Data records
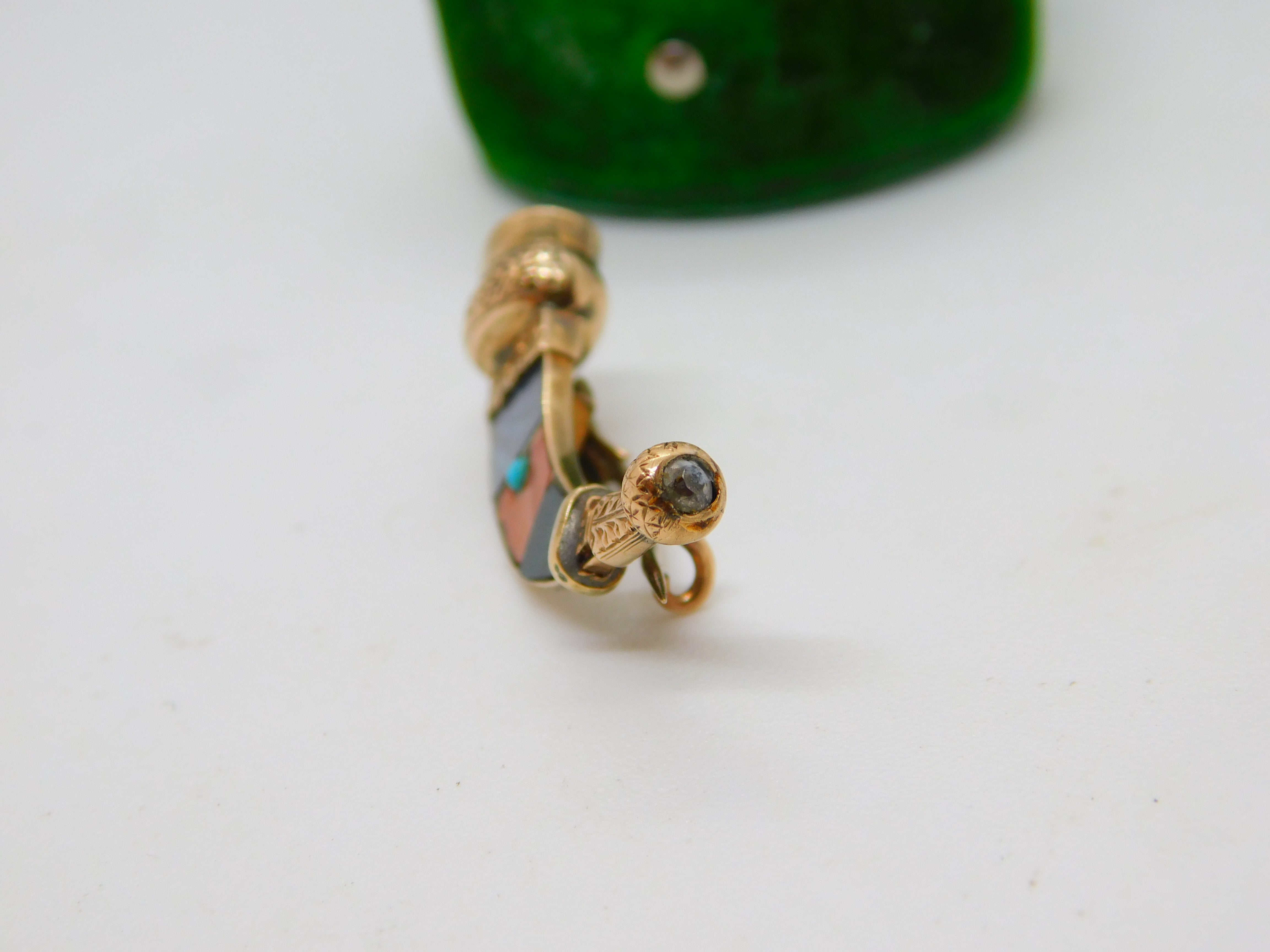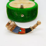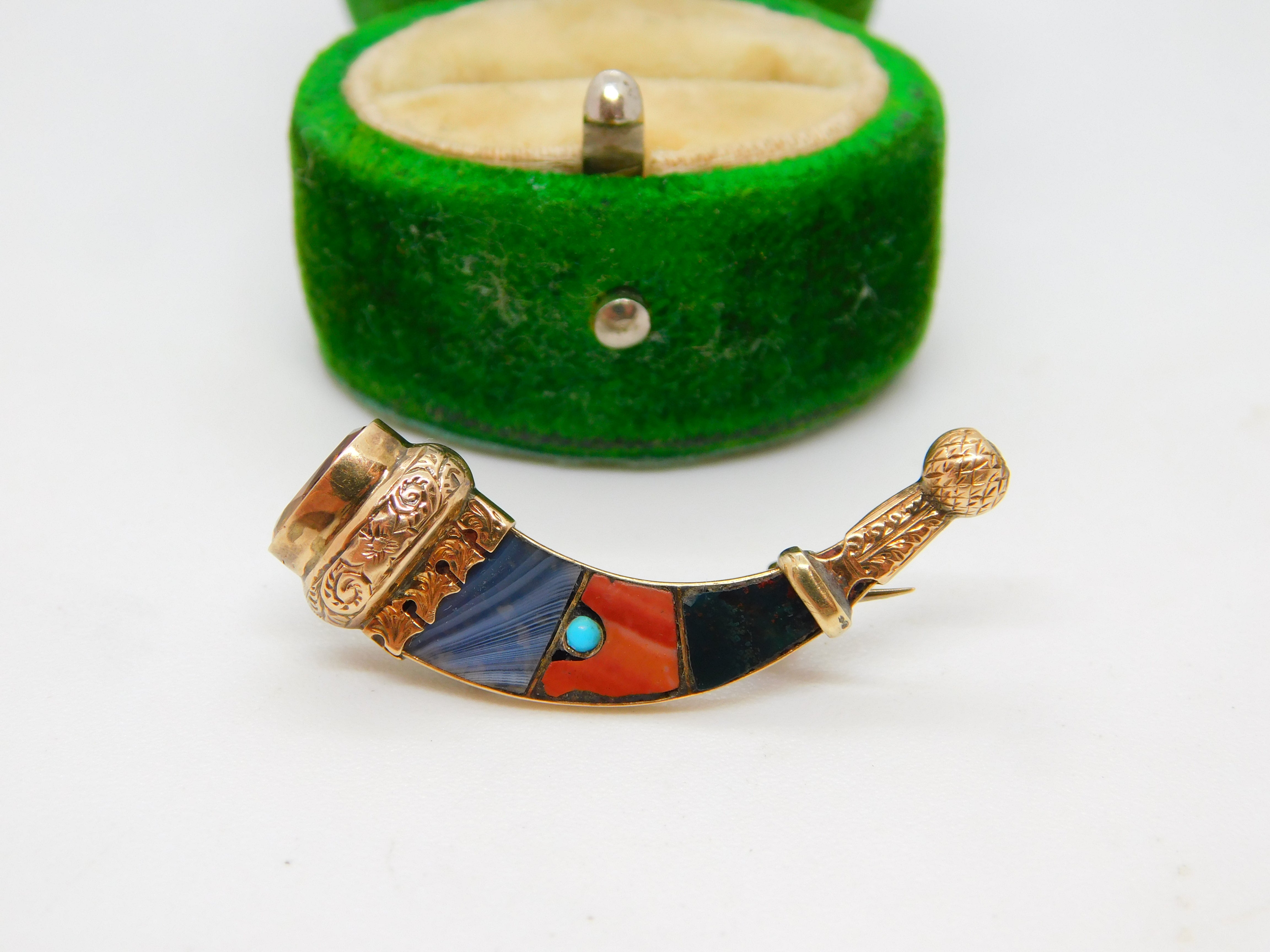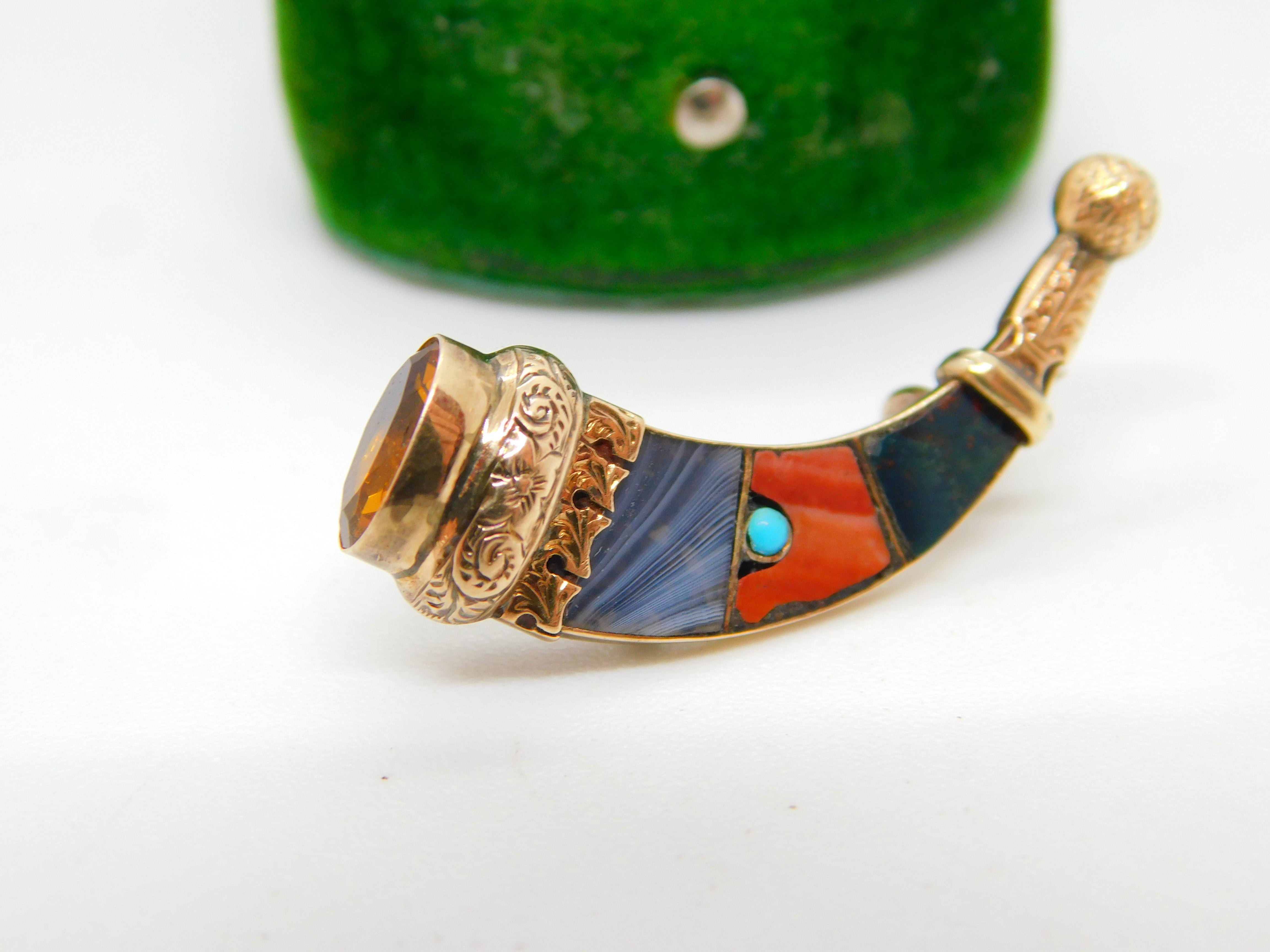 Details: A fantastic and wonderfully designed antique Victorian scottish 9ct yellow gold sword from dress brooch set with citrine, montrose agate, red agate, turquoise, bloodstone and even an old-cut diamond to the tip c1840, the gold has been XRF tested as it is unmarked. The diamond has been tested. This is a wonderful item that would make a perfect gift or addition to any collection. The BOX pictured is for PRESENTATION ONLY and is NOT included in the listings but used to frame the pictures unless specifically stated otherwise.
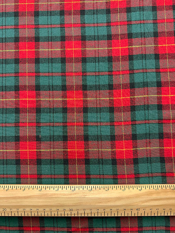 Green and Red Multi Yarn Dyed Plaid Flannel Fabric
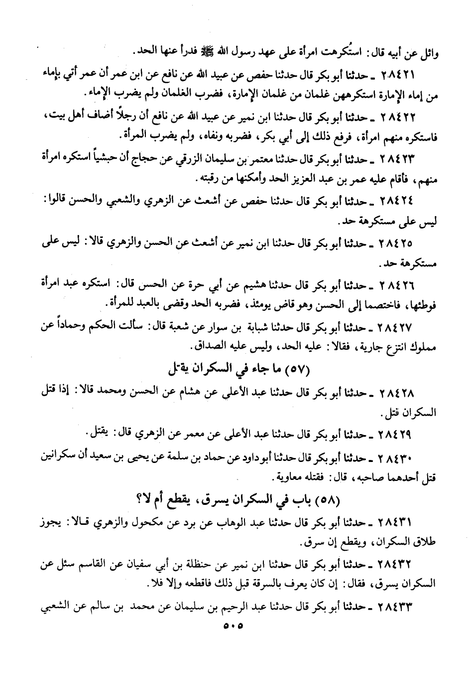28433 - حَدَّثَنَا أَبُو بَكْرٍ قَالَ: حَدَّثَنَا عَبْدُ الرَّحِيمِ بْنُ سُلَيْمَانَ، عَنْ مُحَمَّدِ بْنِ سَالِمٍ، عَنِ الشَّعْبِيِّ، فِي النَّشْوَانِ: «§يُقْطَعُ إِنْ سَرَقَ، وَيُؤْخَذُ لِجِنَايَتِهِ كُلِّهَا»
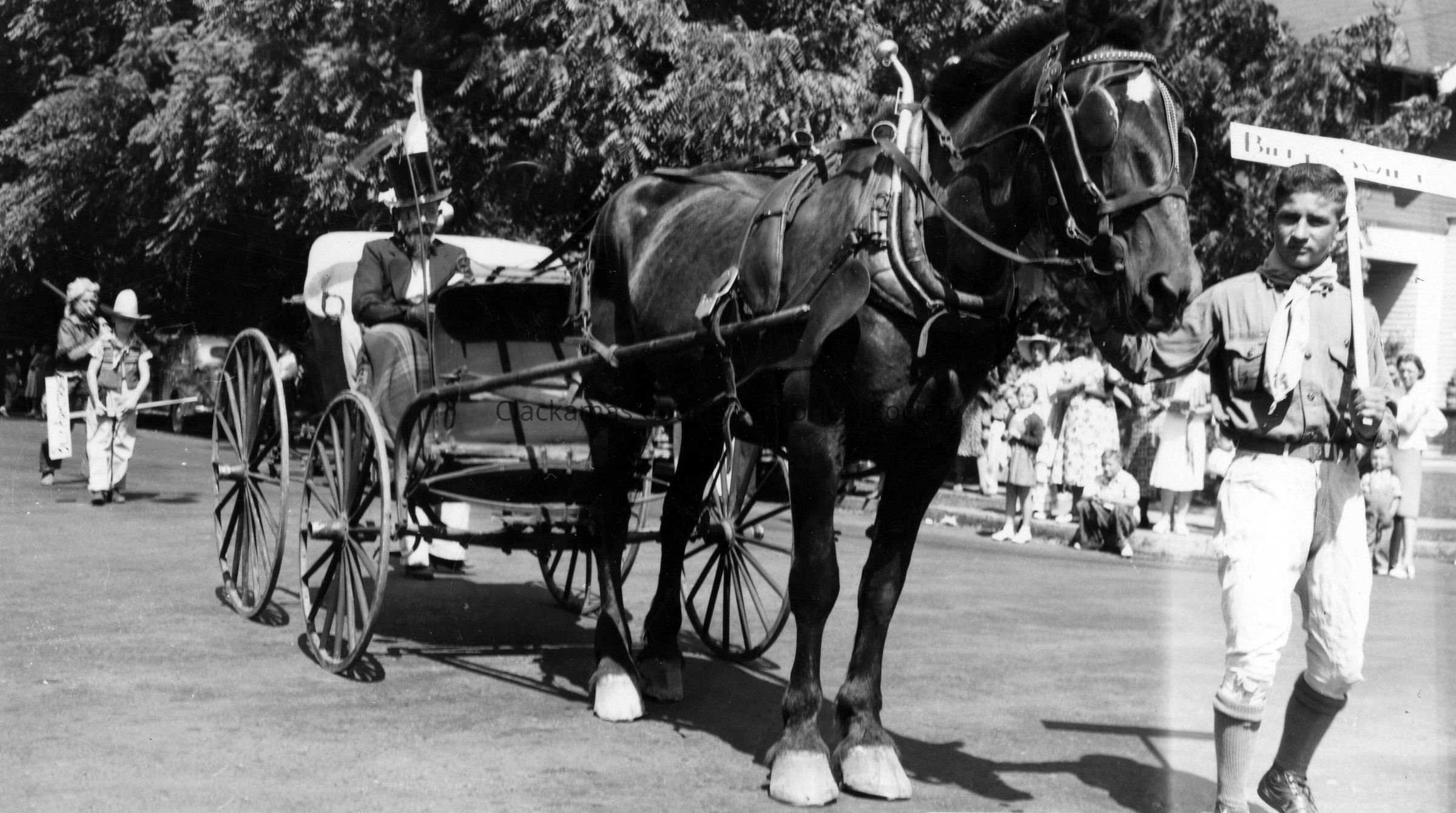 Horse and buggy in parade. Unidentifed persons.Made/Created
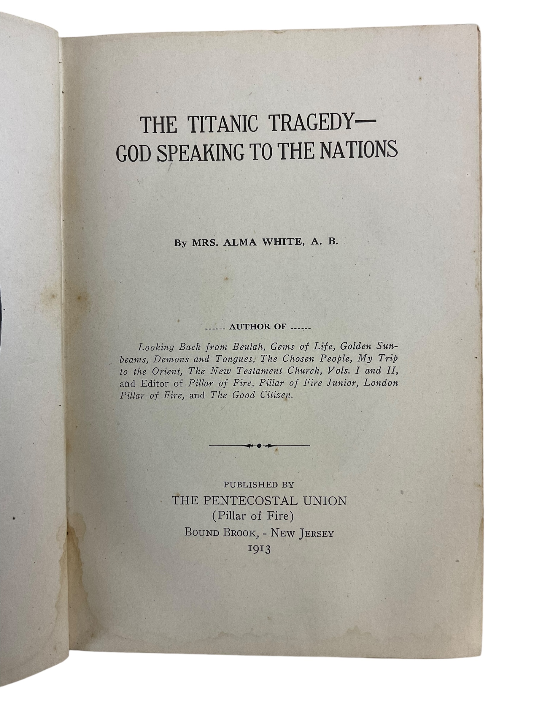A hard Cover Britain Naval The Titanic Tragedy God Speaking To The Nations  Reference Book. Total of 211 pages with several photos  of after the sinking. A religious point of view on Titanic’s sinking. Published in 1912
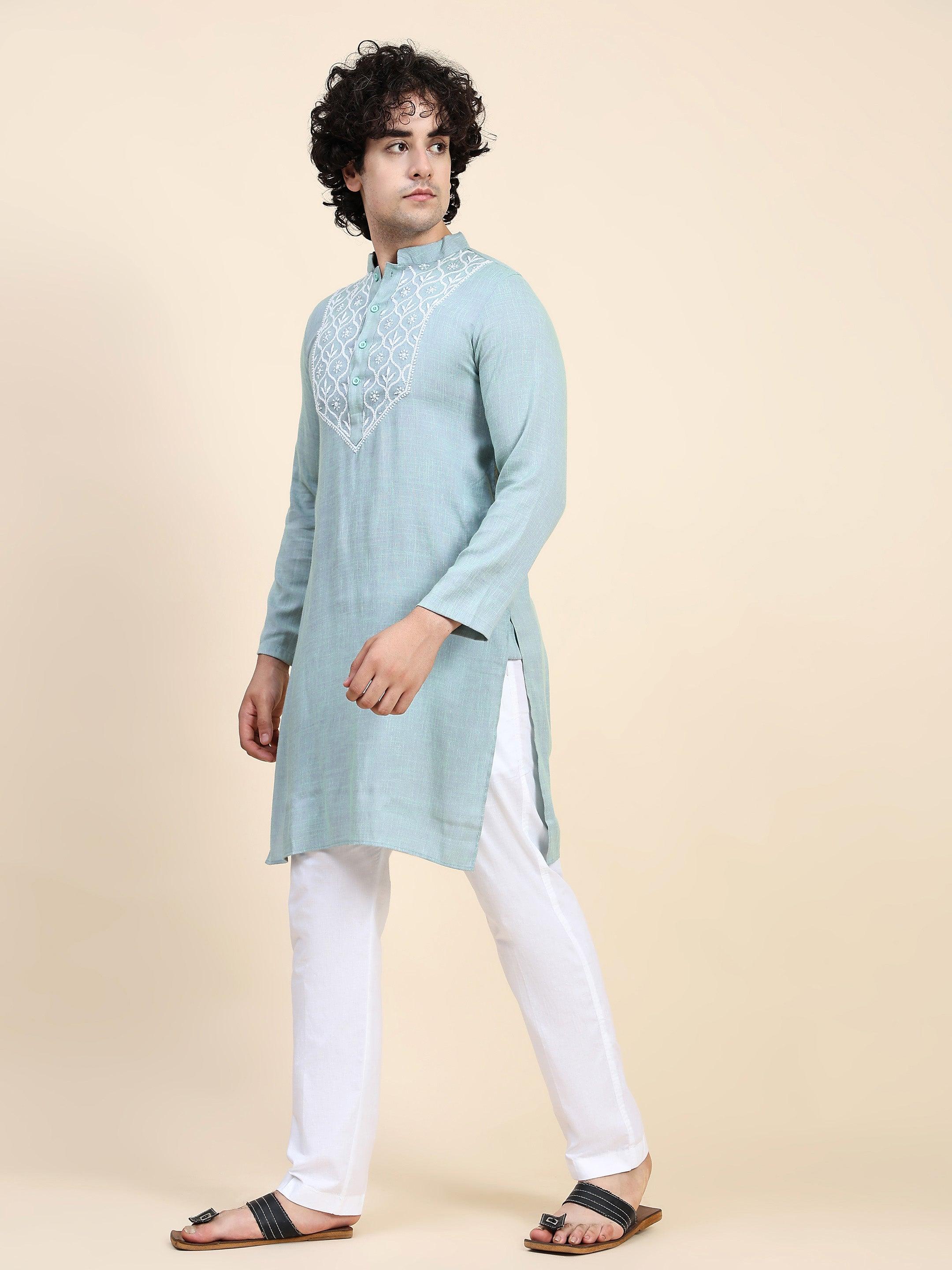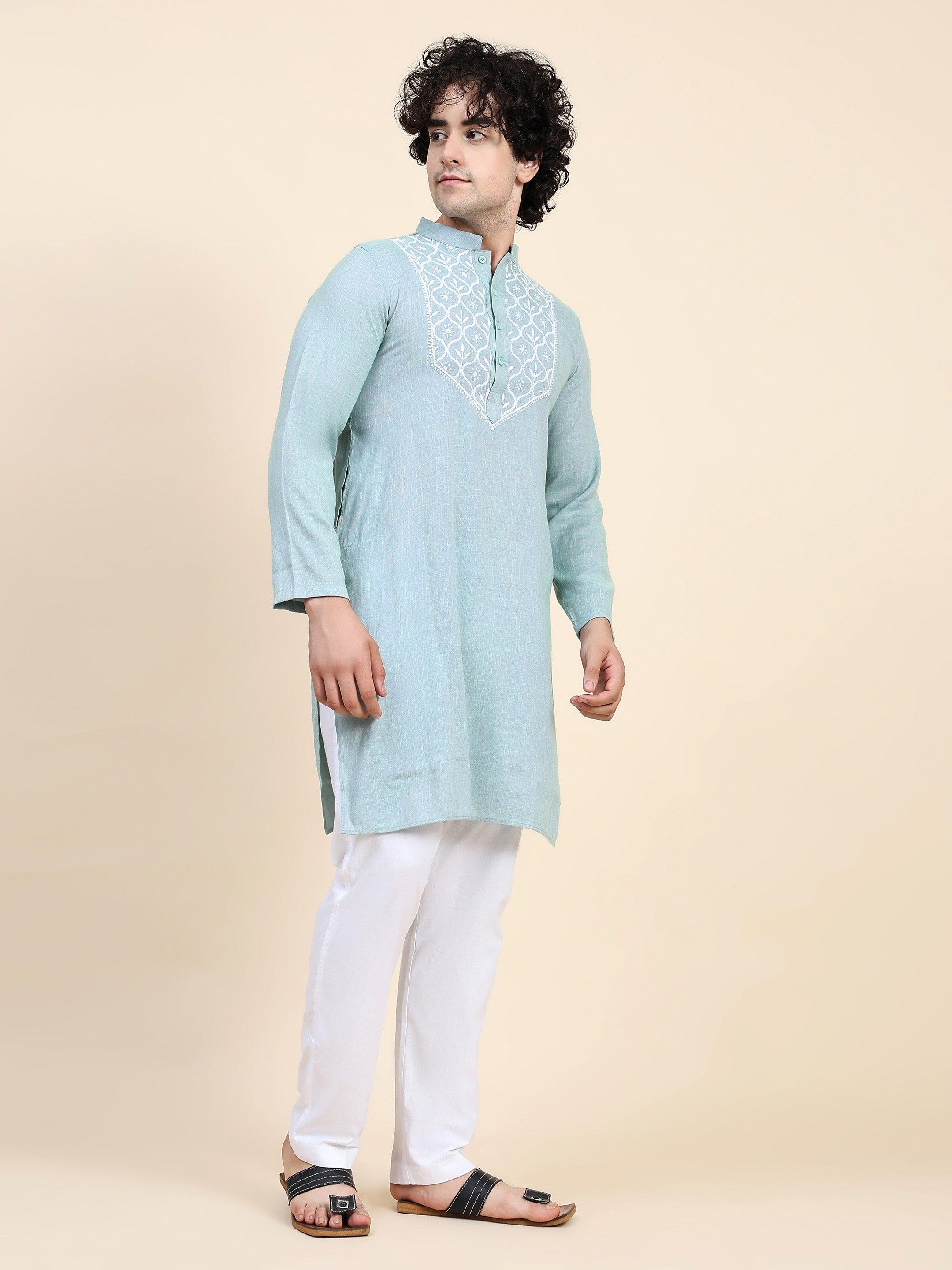 HOK Men's Chikankari Kurta in Cotton Silk Blend - Sea Green
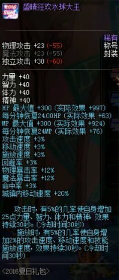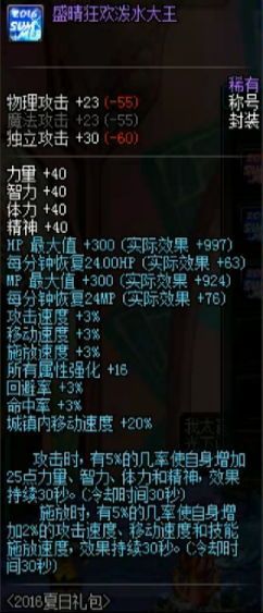 夏日称号分为三种,都有各自专长属性,分别是物暴、魔暴加12%,所有属性强化+16,暴击伤害+10%。
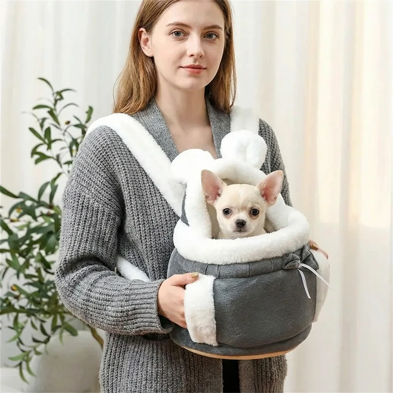 Habe diese kuschelige Tasche für meinen Hund gekauft. Sie rollt sich darin zusammen und macht ein Nickerchen, während ich Besorgungen mache – völlig entspannt und warm, sogar an windigen Tagen.
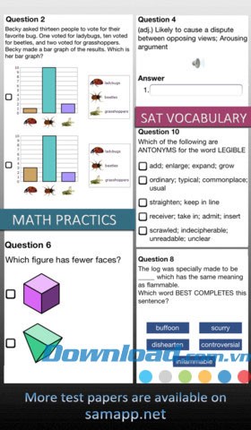 Người dùng có thể tải xuống các bài thi này từ trang web chính thức của nhà phát hành Sam App.

EXERCISE:
Print the data above exactly, minus pictures.

RESPONSE TO THE TASK:
 Details: A fantastic and wonderfully designed antique Victorian scottish 9ct yellow gold sword from dress brooch set with citrine, montrose agate, red agate, turquoise, bloodstone and even an old-cut diamond to the tip c1840, the gold has been XRF tested as it is unmarked. The diamond has been tested. This is a wonderful item that would make a perfect gift or addition to any collection. The BOX pictured is for PRESENTATION ONLY and is NOT included in the listings but used to frame the pictures unless specifically stated otherwise.
 Green and Red Multi Yarn Dyed Plaid Flannel Fabric
28433 - حَدَّثَنَا أَبُو بَكْرٍ قَالَ: حَدَّثَنَا عَبْدُ الرَّحِيمِ بْنُ سُلَيْمَانَ، عَنْ مُحَمَّدِ بْنِ سَالِمٍ، عَنِ الشَّعْبِيِّ، فِي النَّشْوَانِ: «§يُقْطَعُ إِنْ سَرَقَ، وَيُؤْخَذُ لِجِنَايَتِهِ كُلِّهَا»
 Horse and buggy in parade. Unidentifed persons.Made/Created
A hard Cover Britain Naval The Titanic Tragedy God Speaking To The Nations  Reference Book. Total of 211 pages with several photos  of after the sinking. A religious point of view on Titanic’s sinking. Published in 1912
 HOK Men's Chikankari Kurta in Cotton Silk Blend - Sea Green
 夏日称号分为三种,都有各自专长属性,分别是物暴、魔暴加12%,所有属性强化+16,暴击伤害+10%。
 Habe diese kuschelige Tasche für meinen Hund gekauft. Sie rollt sich darin zusammen und macht ein Nickerchen, während ich Besorgungen mache – völlig entspannt und warm, sogar an windigen Tagen.
 Người dùng có thể tải xuống các bài thi này từ trang web chính thức của nhà phát hành Sam App.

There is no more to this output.